# Task input
########################################

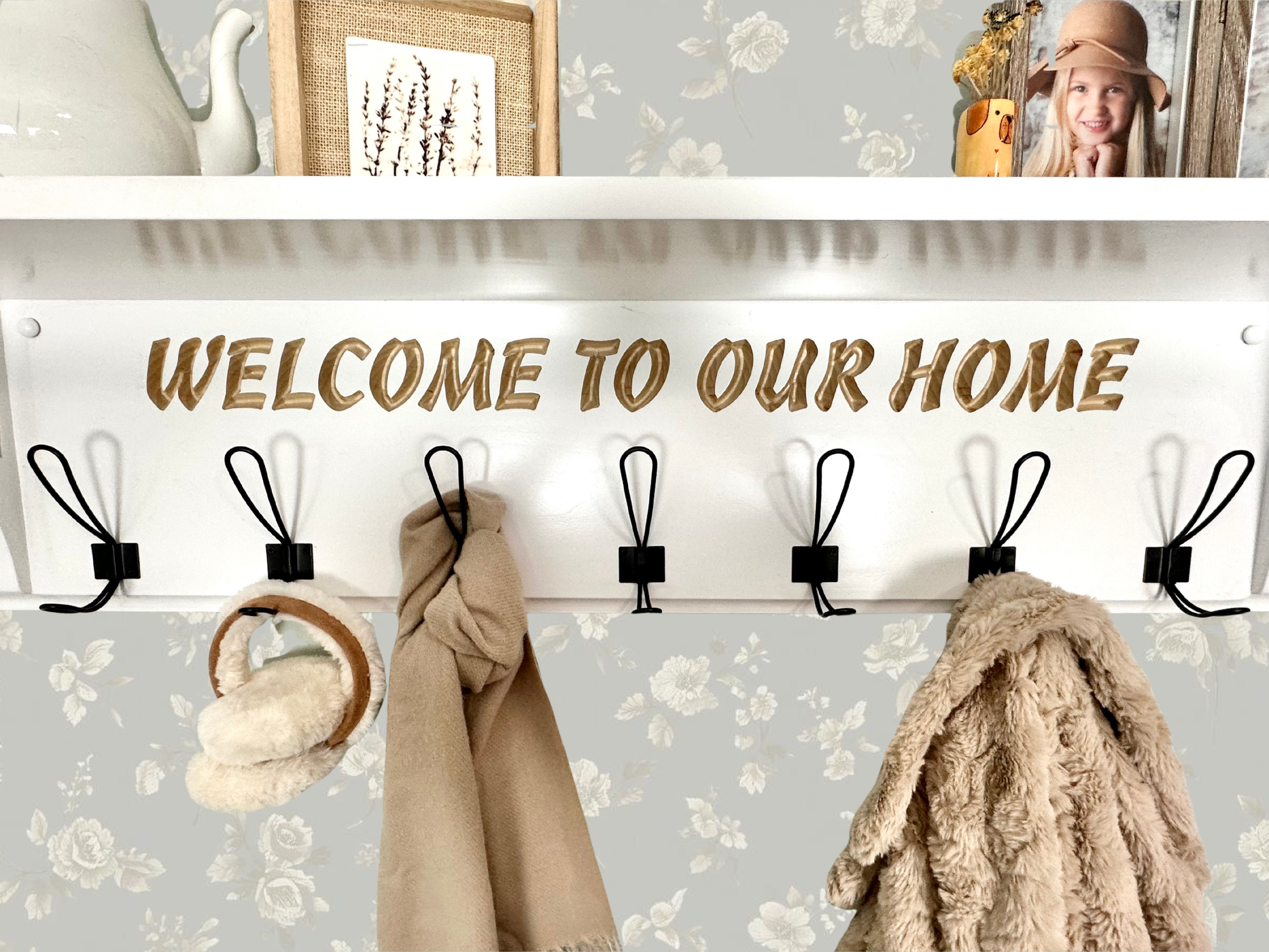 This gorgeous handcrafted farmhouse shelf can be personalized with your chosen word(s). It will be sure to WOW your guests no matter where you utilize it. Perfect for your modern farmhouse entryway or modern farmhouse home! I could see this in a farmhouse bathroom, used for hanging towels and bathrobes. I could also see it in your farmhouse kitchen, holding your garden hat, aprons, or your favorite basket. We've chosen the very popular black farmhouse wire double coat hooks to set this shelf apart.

########################################

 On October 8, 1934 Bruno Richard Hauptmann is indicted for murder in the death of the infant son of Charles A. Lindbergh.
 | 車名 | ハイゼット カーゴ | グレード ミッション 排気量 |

########################################

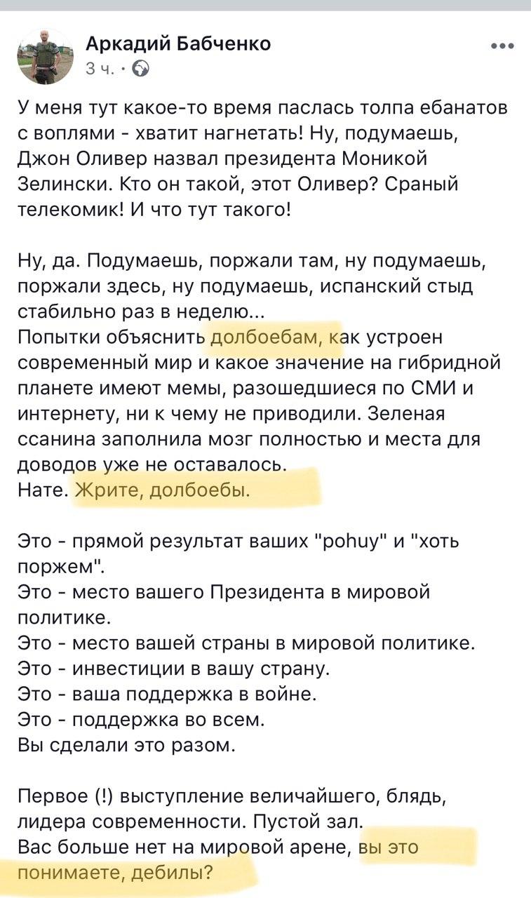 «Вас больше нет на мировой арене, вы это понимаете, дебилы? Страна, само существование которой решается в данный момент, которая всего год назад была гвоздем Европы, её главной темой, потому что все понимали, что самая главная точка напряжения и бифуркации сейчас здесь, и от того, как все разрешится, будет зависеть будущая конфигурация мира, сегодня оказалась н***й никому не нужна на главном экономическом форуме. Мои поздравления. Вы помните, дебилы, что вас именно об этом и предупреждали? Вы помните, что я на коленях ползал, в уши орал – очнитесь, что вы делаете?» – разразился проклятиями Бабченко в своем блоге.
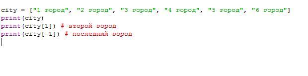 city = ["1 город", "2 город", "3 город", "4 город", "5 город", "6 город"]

########################################

# Task requirements
Above are the entries. Output exactly the lines beginning with the line that has "On October 8, 1934" and ending with the line that has "ミッション 排気量 |".

# Solution for this exercise
 On October 8, 1934 Bruno Richard Hauptmann is indicted for murder in the death of the infant son of Charles A. Lindbergh.
 | 車名 | ハイゼット カーゴ | グレード ミッション 排気量 |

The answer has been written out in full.